The task calls for the line containing "Сколько метров фехралевой" and all later lines, through the end of the entries below, to be set down exactly and without pictures.
[[ Records provided, beginning ]]
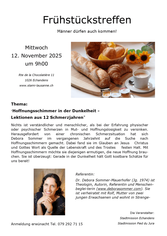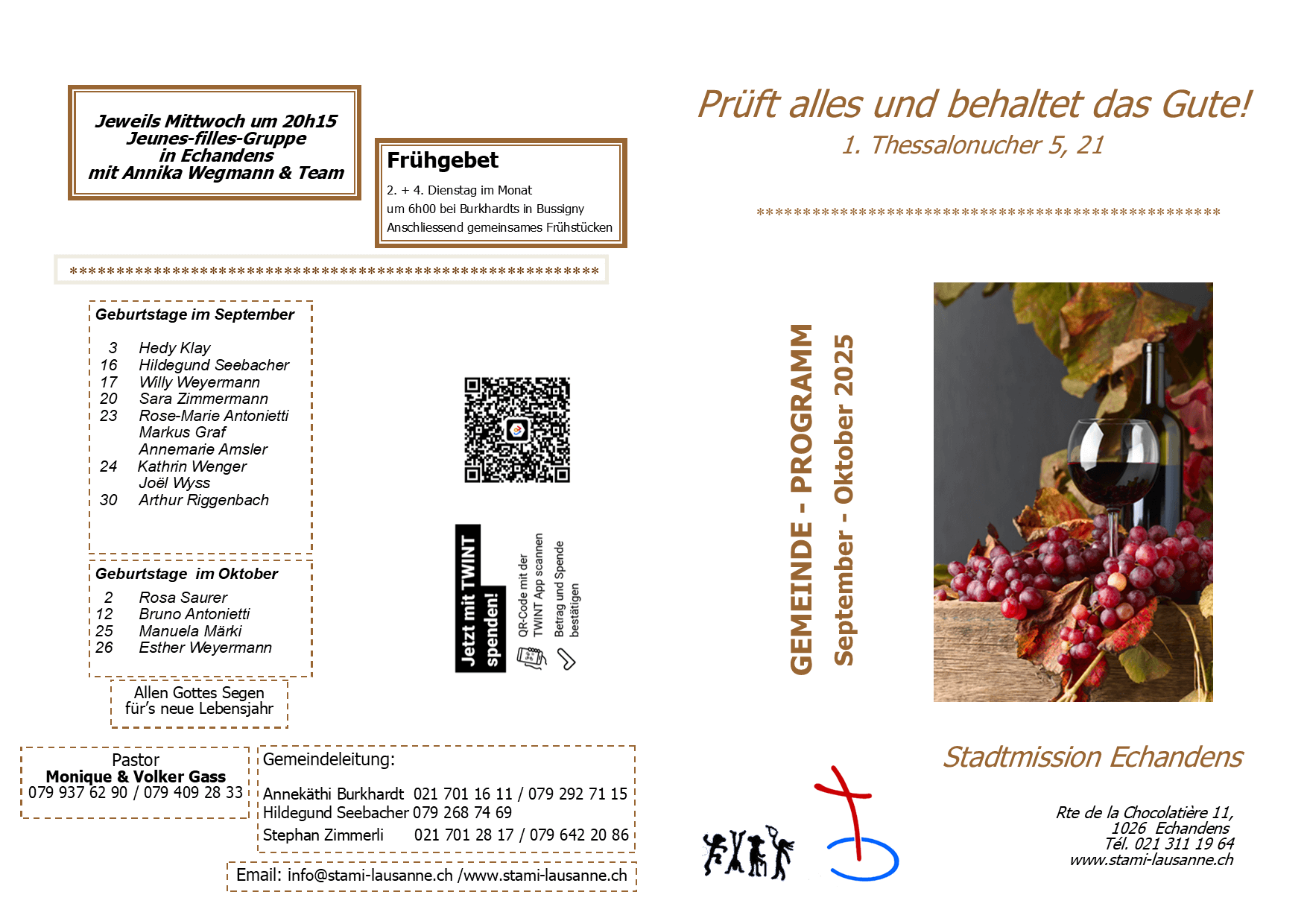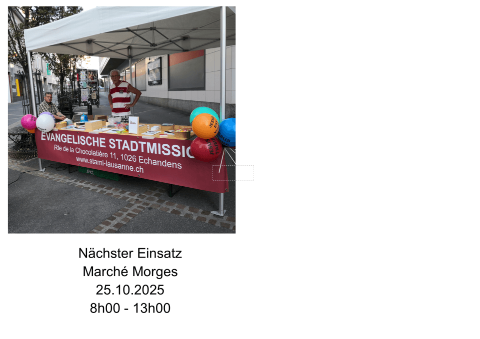 Die Stadtmission befindet sich in Echandens, in der Nähe von Lausanne, nicht weit von der Autobahnausfahrt "Bussigny" entfernt. Unsere Gemeinde besteht schon seit über 100 Jahren. Unsere Gottesdienste sind auf Deutsch und werden nach Bedarf auf Französisch übersetzt.
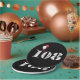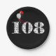 Red, white and black party balloon bouquet on black background for 108th birthday.
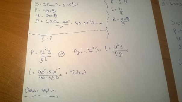 Сколько метров фехралевой проволоки площадью поперечного сечения 0,5мм² потребуется для намотки электродвигателя мощностью 480Вт, рассчитанного на напряжение 240В?(Удельное сопротивление фераля 1,30м*мм²/м
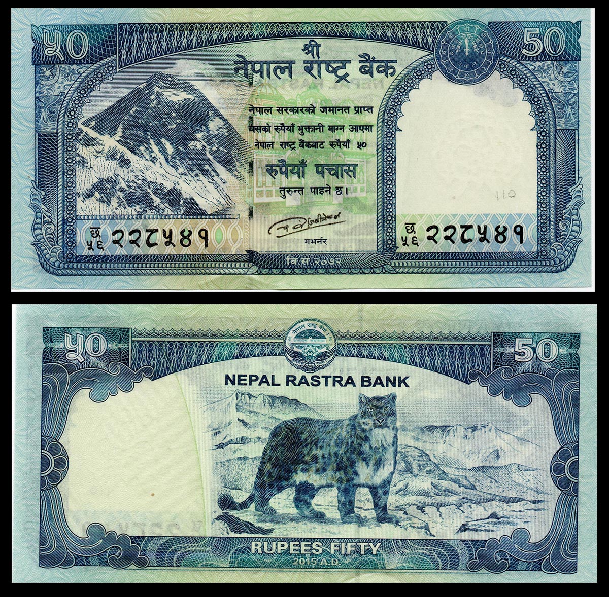 Nepal 50 Rupees- Mount Everest, Snow leopard Very Fine Banknote
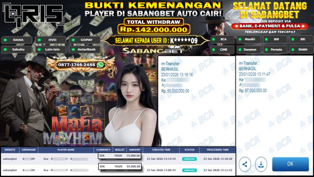 BUKTI KEMENANGAN 23 JANUARI 2026 DI GAME MAFIA MAYHEM WD 142 JUTA
[[ Records provided, end ]]
Solution for this task ->
 Сколько метров фехралевой проволоки площадью поперечного сечения 0,5мм² потребуется для намотки электродвигателя мощностью 480Вт, рассчитанного на напряжение 240В?(Удельное сопротивление фераля 1,30м*мм²/м
 Nepal 50 Rupees- Mount Everest, Snow leopard Very Fine Banknote
 BUKTI KEMENANGAN 23 JANUARI 2026 DI GAME MAFIA MAYHEM WD 142 JUTA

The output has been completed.